By William Shakespeare
Directed by Bartlett Sher
Intiman Theatre
201 Mercer Street, Seattle, WA 98109/ (206) 269-1900

Reviewed by Jerry Kraft

The first problem with "Titus Andronicus" is in knowing just how to take it. On one hand, it's so excessive in the sheer quantity of its gore, in the number of murders, mutilations, rapes, tortures and betrayals, that it becomes comic. On the other hand, there is a powerful story, in the Roman revenge-tragedy mode, of the spiraling horror of bloody retribution, and the social and moral cost of cruelty and deception. It is a world where "justice has relinquished the Earth".

In this production, director Bartlett Sher tries to have it both ways, and the result is an aesthetic dissonance that neither moves us to the realm of tragedy, nor amuses us to the point where our disquieted laughter feels appropriate. Some very solid performances are not enough to compensate for a rather hollow interpretation of Titus himself, and a very dubious shift to modern comedy in the play's final scene subverts what drama had previously been legitimized.

Assuming that Shakespeare's intention is tragedy, it seems to me that the play's blood and gore is as much metaphorical as actual. The death of sons, at first wreathed in admirable sacrifice, becomes senseless as soon as Titus returns to Rome, to civilization. Each bloodletting becomes successively less meaningful. Pieces of people, literally, become mere tokens, leaving each victim a lesser person. That the innocent Lavinia is raped, and then has both hands cut off, and her tongue torn out, seems to me an intentional symbol of the desecration, disabling and voicelessness visited on all victims of war, whether military, political or social.

I think Titus himself asks the question of what happens when a noble general, accustomed to the horror and bloodshed of the battlefield, finds himself utterly unequipped to deal with the duplicity and viciousness of civil society? He attempts to do battle in the manner he always has, but there are no longer honorable enemies, none of the loyalty and devotion to duty that can give even the insanity of war some kind of meaning.

As Titus, Steve Tague lacked the stature, the gravitas, that the role requires. I believed he was a soldier, but not a general, a veteran of combat and loss, but not a man who had given scores of his own sons willingly, so long as they died with honor. This Titus seemed like a man rather adrift in new circumstance, rather than one for whom familiar tactics tragically fail. And as the costs of each death and each betrayal mount, he seemed more ambushed than surrounded. While he spoke his lines very well, I just didn't believe this was a man for whom blood and dirt and pain are the givens of daily life. He seemed less like a warrior than an angry plaintiff.
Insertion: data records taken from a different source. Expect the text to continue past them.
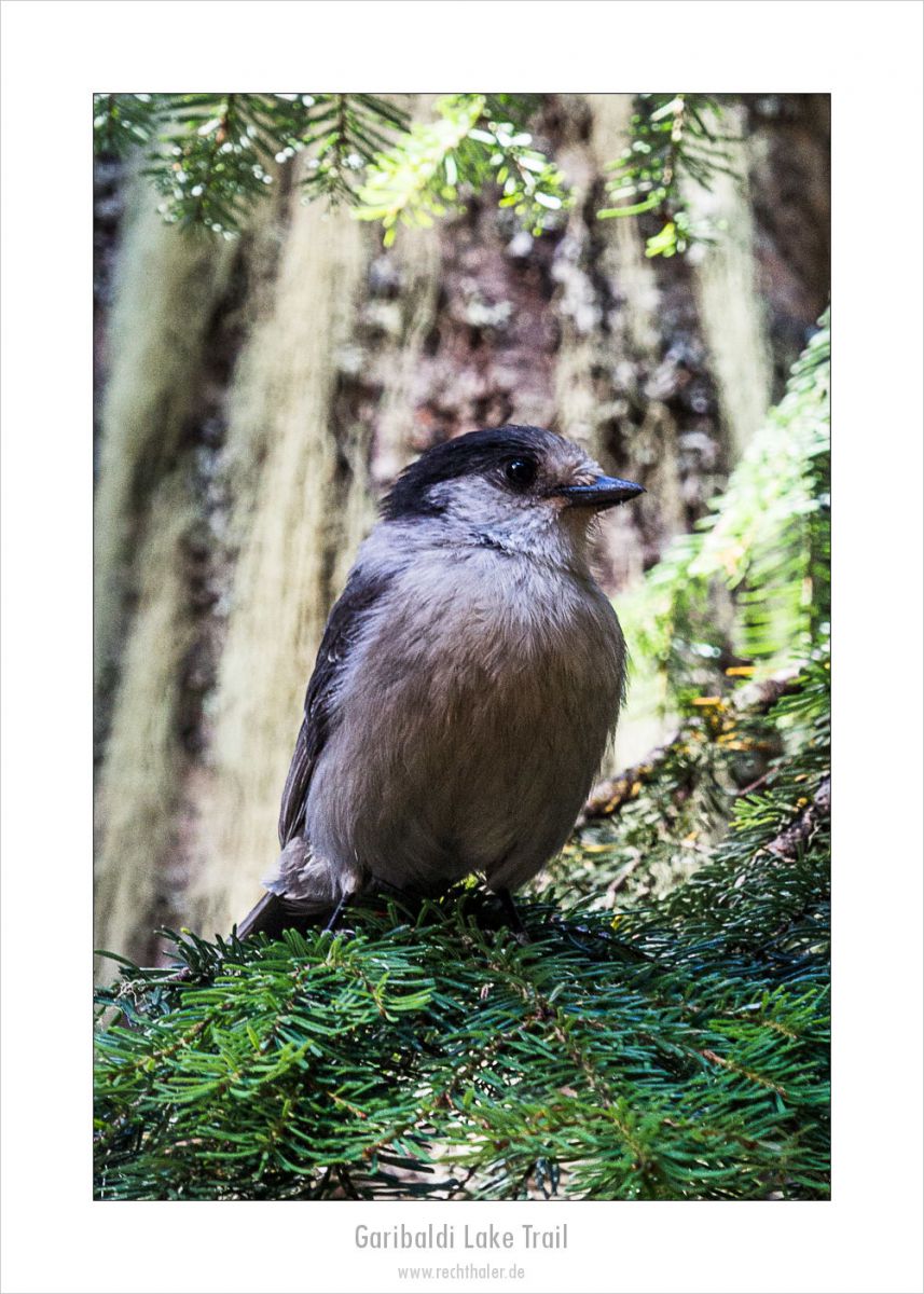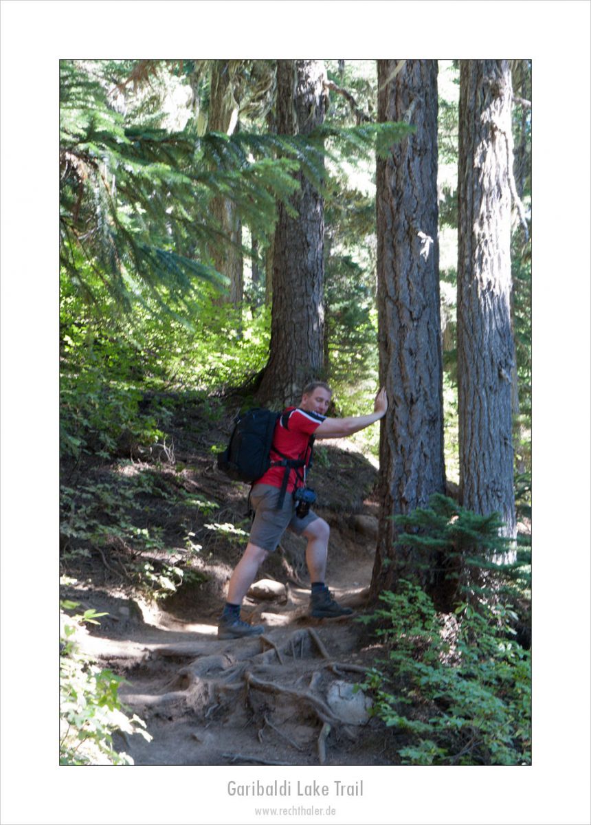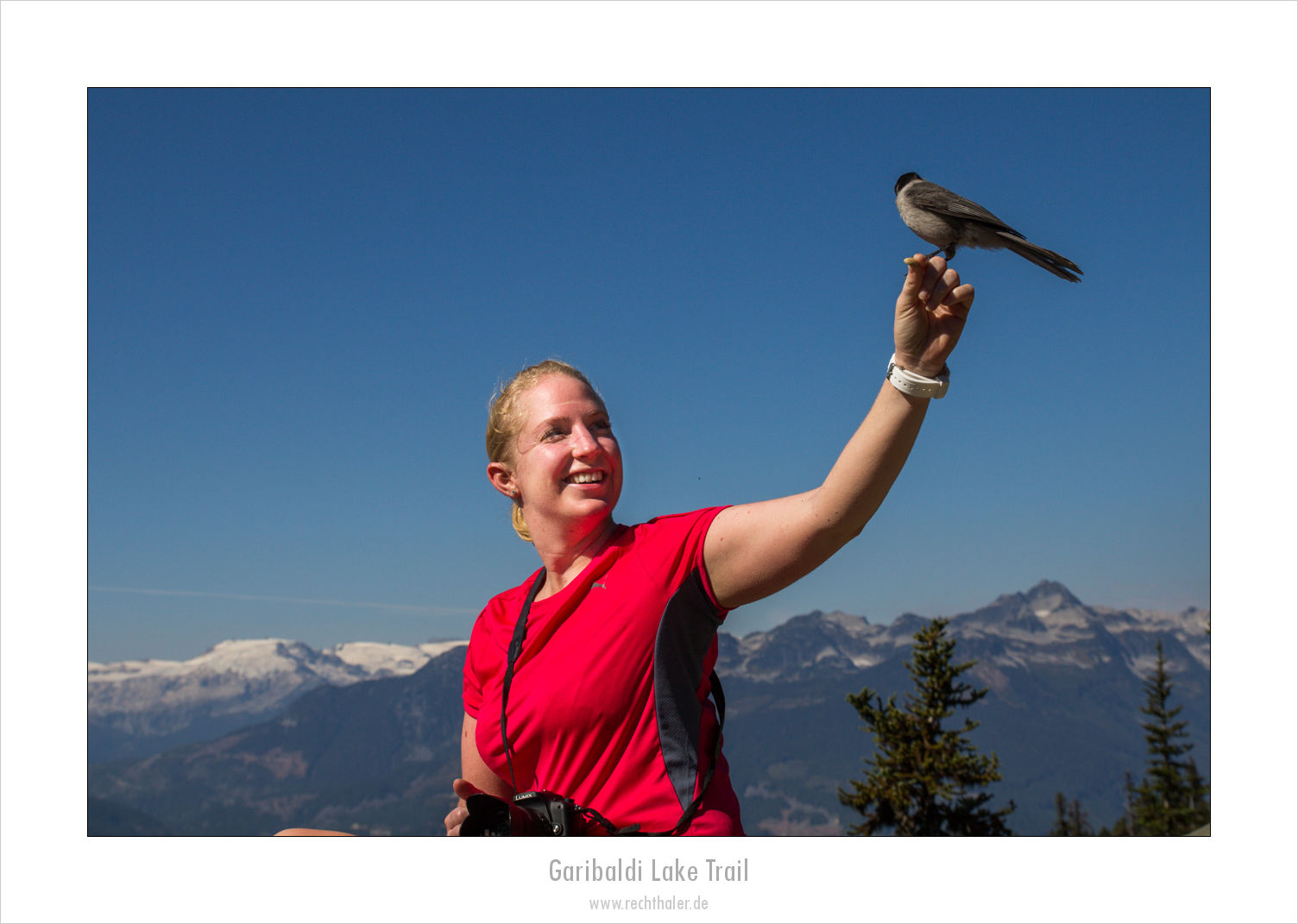 Um halb neun sind wir aufgestanden und haben lecker gefrühstückt (mit Kaba von Dolorama für 1$). Mit etwas Verspätung sind wir um 9:15 los gefahren in Richtung Lake Garibaldi. Mal wieder haben wir die Ausfahrt verpasst weil wir kein Schild gesehen haben. Die Strecke, die wir uns für den heutigen Tag raus gesucht hatten beträgt 18km. Um 10:15 sind wir los gelaufen. Es ging vier Stunden nur steil bergauf durch einen recht unspektakulären Wald. Da heißt es wirklich nur Zähne zusammenbeißen und durchhalten! Nach 6,5km kommt mal ein Aussichtspunkt. Man hat von dort aus Blick auf die Berge und im Rücken eine steile Steinkante. Das ist quasi die Wand des Lake Garibaldi. Im Tal muss einst ein Dorf gewesen sein, das evakuiert wurde. Vor 10 000 Jahren war dort ein Gletscher  und ein Vulkan. Als der Vulkan ausbrach konnte die Lava wegen des Gletschers nicht weiter und verglühte dort. Heute wirkt das Ganze als Staudamm für den Lake Garibaldi, ist allerdings ziemlich instabil. Wenn man am Aussichtspunkt steht hört man auch ziemlich intensiv Geröll abgehen, was zeitweise schon ein bisschen beängstigend war. Der kleine Zwischenstopp am Aussichtspunkt war dennoch sehr schön, weil wir ein gigantisches Naturerlebnis hatten. Die Tiere dort oben waren so zutraulich, dass ein Vögelchen und ein Streifenhörnchen sich aus der Hand haben füttern lassen.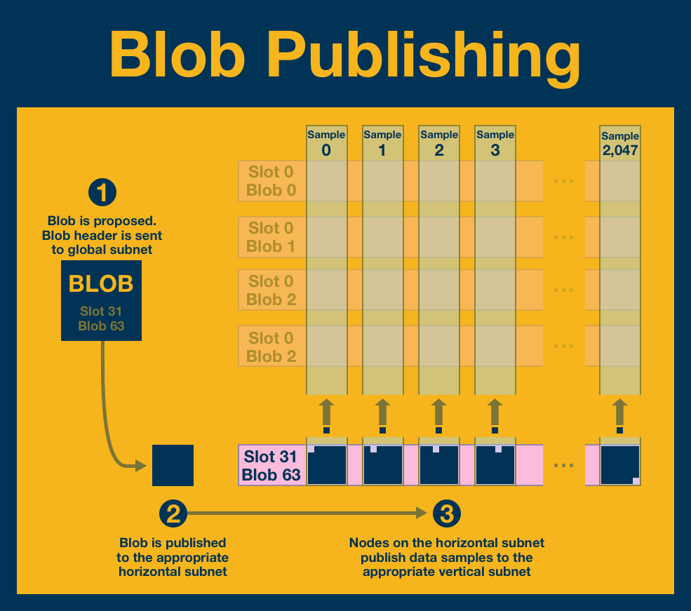 2) the proposer broadcasts the blob to all peers on the appropriate horizontal subnet.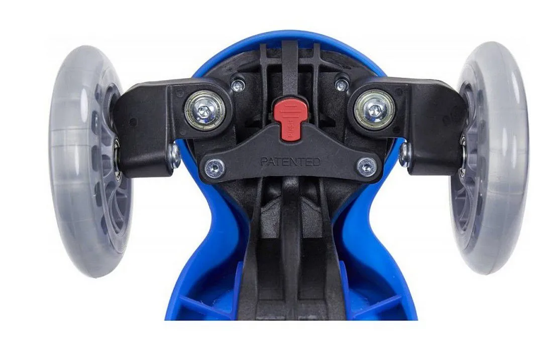 Передние колеса имеют диаметр 121 мм., заднее опорное колесо диаметром 80 мм. Колеса изготовлены из высококачественного полиуретана, комплектуются подшипниками ABEC 5. Высота руля имеет 4 фиксированных положения, регулируется от 61 до 71 см. Опоры передних колес монтированы на подшипниках для облегчения управления самокатом. Эргономичные ручки руля из эластичного материала с добавлением латекса. Торможение с помощью заднего крыла-тормоза. Специальное покрытие заднего колеса для предотвращения деформации при торможении.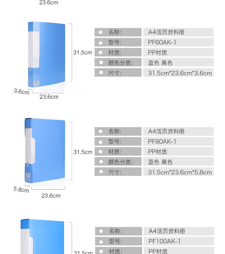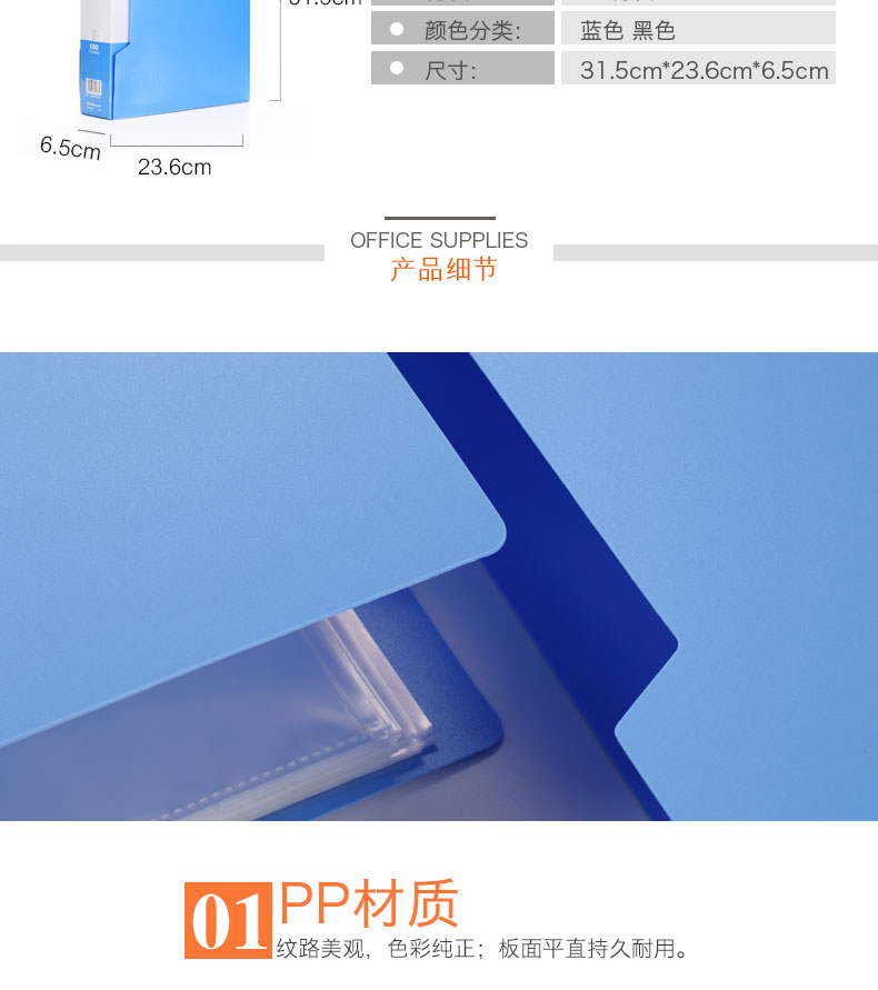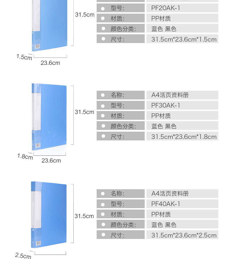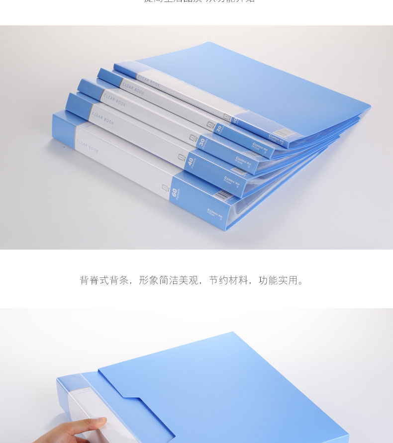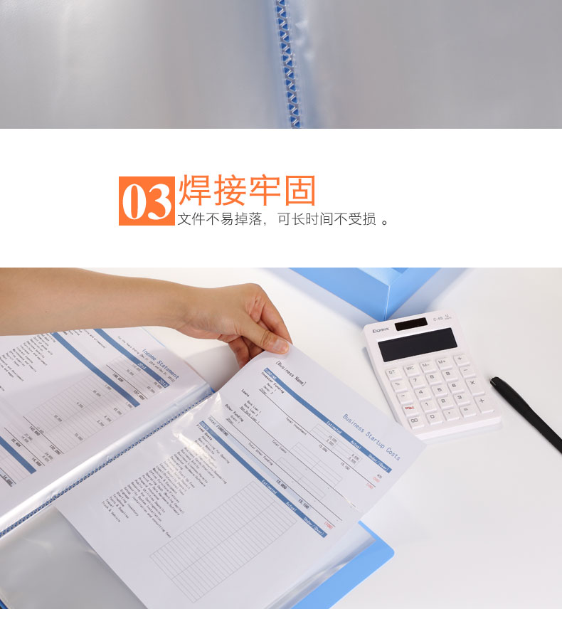 齐心PF20AK(蓝色)超省钱资料册 A4 20袋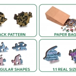 A csomag tartalmaz külön álló mintát, amely megkönnyíti a kirakást, és minden környezetbarát papírdobozban van tárolva. A puzzle 3-4 mm vastag kemény merevlemezből készült.
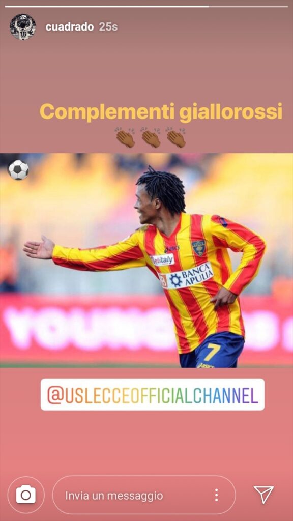 Cuadrado non dimentica le origini che gli hanno permesso di arrivare dove è adesso. Il colombiano, con un passato nel Lecce, ha voluto fare i complimenti alla squadra pugliese per la promozione in Serie A.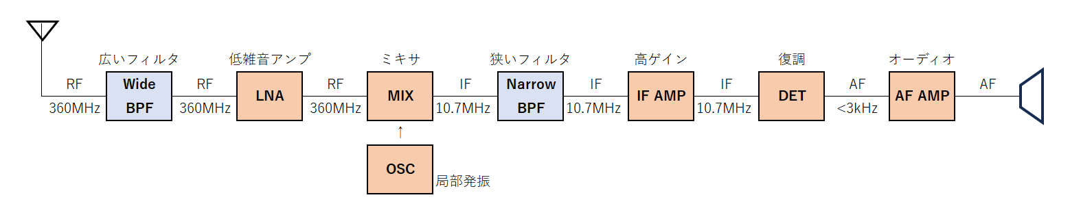 後段の“Narrow BPF”は,ミキサ(MIX)がRF周波数を変換して出力する固定周波数のIF(Intermediate Frequency)信号を通過させます.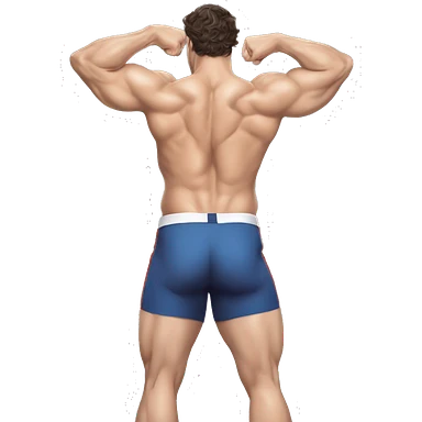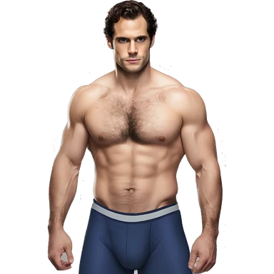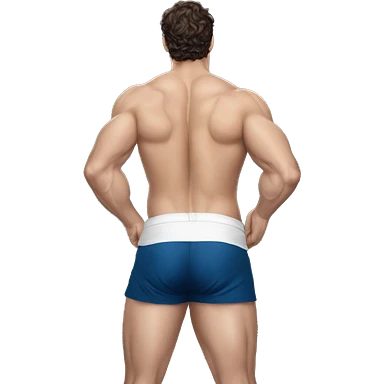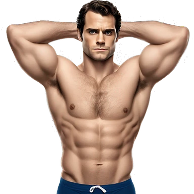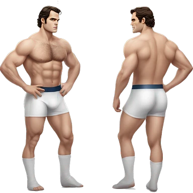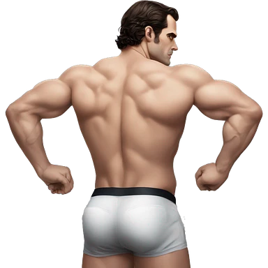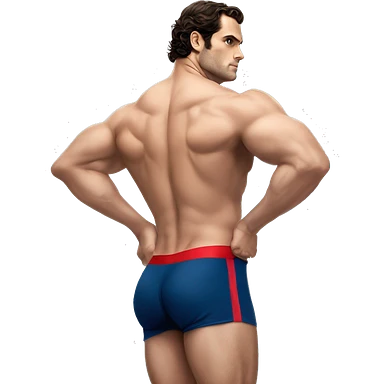 Henry cavill in a jock, backwards view, stretching glutes emoji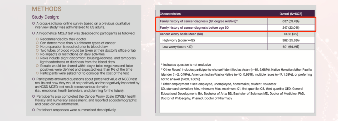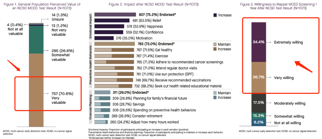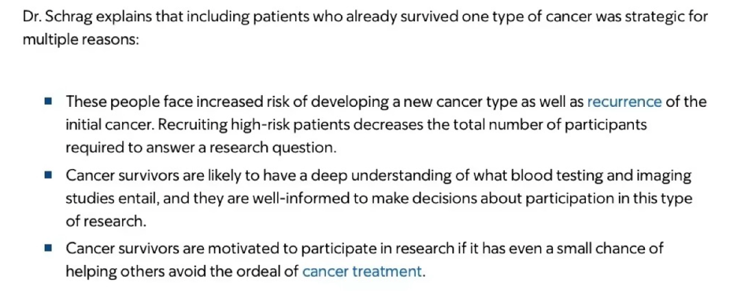 换句话说,如果FDA/CMS认为Galleri在一般人群是可用且有效的,那么在肿瘤幸存者人群中这个结论只会更为坚定。 发病率足够高、性能足够好,第一个问题解决了。 02 “人”愿做吗? 把这个问题翻译成更通俗易懂的语言,叫:依从性。 如果再拆分一下,是“首次依从性”和“长期依从性”两个维度。 1. 首次依从性 在PATHFINDER中,肿瘤幸存者的比例超过24%(1609/6578)。 而2019年的数据显示肿瘤幸存者在美国人口中的比例仅有大约5%(1690万/3.28亿)。 在无差别入组的情况下,为什么比例会有这么悬殊的差距? 这个问题也许可以从对Dr.Schrag(PATHFINDER的PI)的采访中找到答案。 “更高的发病率——恐惧,更理解筛查——认知,还有善良” 前两者都可以在真实世界中转化成更高的首次筛查意愿。 2. 长期依从性 考虑到肿瘤发病率的绝对值并不高,因此: 即使是高发病率的肿瘤幸存者人群,在一次肿瘤早筛中拿到阴性结果依然是大概率事件。 “阴性报告”这件事情,他们能感知多大的价值,决定了他们是否会有长期的依从性 ——简而言之,愿意第二年再筛一次。 我们确实没找到这个人群直接的依从性证据。但是我们有一个间接的——同样“高风险”的人群。 在这次ASCO上,Grail还有个poster也很好玩,在一个大比例(59.4%)有一级亲属患癌的人群中,调研了一个问题: 假如拿到一个阴性结果,你们觉得有价值吗? 70.6%的人觉得很有价值,非常/极度愿意第二年复测的人是61.1%。 如果大家还记得Grail在资本市场日被挑战的10%复购率,就会发现这个数字有多sexy。 当然,这里面也不是那么严谨,因为调研里面没有谈钱的事情。 不过,总体来看,肿瘤幸存者人群的首次依从性和长期依从性应该都没问题,第二个问题也解决了。 03 “能”做多大? 2017年发表在The Lancet Oncology上的一篇研究显示肿瘤幸存者在美国人口中的比例大约为5%。 到2030年,这个比例大约会上升到6%(2200万人左右)。 好像不够大。 这就是为什么引号打在了“能”这个字而不是“大”上面。 基数只是一方面,依从性则是撬动基数的杠杆。 上面刚刚聊到了一个接近6倍差距的依从性,那么: 6%*6=36%,这几乎是等同于1/3全人群筛查的生意体量。 如果大家还记得的话,类似的逻辑在Guardant Health就自己血检肠癌拉胯的AA敏感性和FDA沟通时也用过:

In contrast, Allen Gilmore played Aaron, a Moor, with such passion and intensity that he seemed to brandish death like claws. With his stunning physique and animal movement, he had the lethal threat of a jaguar, all the intelligence and cunning of a predator who knows everything about the terrain and his prey. That same depth and complexity also enriched the role of Tamora, played with authority by Kathleen Pirkl Tague. Given the substantial, intelligent performance of Laurence Ballard as Titus' brother Marcus Andronicus, a strikingly effective Bassianus played by Peter Crook, and an affecting, smartly crafted performance by Kristen Flanders as the despoiled Lavinia, Titus came out rather pale and ineffectual. That's a pretty big problem for the character at the center of the drama.

It also left open a comedic response to the absurd extent of the bloodshed. I believe the intention is not to become ridiculous, but to deliver us to madness. Some lines that seem like nonsense may in fact be insanity reaching for meaning as all the world around becomes increasingly demented. I think it's either horrific or ridiculous, but if it tries to be both one loses the aesthetic unity of the play. I think that's what happened here.

Through the first act, the style was quite straightforward, actor and text, with the occasional touches of contemporary props, and the neon and industrial set by Deborah Jensen. Peter John Still composed a sound design, primarily for drums, which clearly established this was a drama of thunder and pounding events. Christopher Akerlind contributed an inventive and accomplished lighting design. Mr. Sher let the play itself display its parallels to our world, and its relevance was riveting.

Then, in the final act, we have a sudden intrusion of modern devices and intentions. A fantastical scene where the embodiments of Revenge, Murder and Rape appear is enhanced with an echoed mic. A freezer appears on stage, along with Titus wearing a chef's outfit for the final banquet. That final banquet was, for me, the thing that really subverted the play. Suddenly we were somewhere between Monty Python and Sweeney Todd, and people were laughing derisively at the play's most horrific action. For me, it was a disastrous choice, and finally undid what had been a reasonably successful production. "Titus Andronicus" may be lesser Shakespeare, and a difficult play to appreciate in an Elizabethan context, let alone our own. But with each day's news of the Middle-East, for example, its weaknesses seem mean and degraded in important ways that parallel our own world. This production, like Titus, seemed to lose its moral compass, and wandered adrift in its own carnage. In the end, it all seemed like too much Halloween, and not enough nightmare.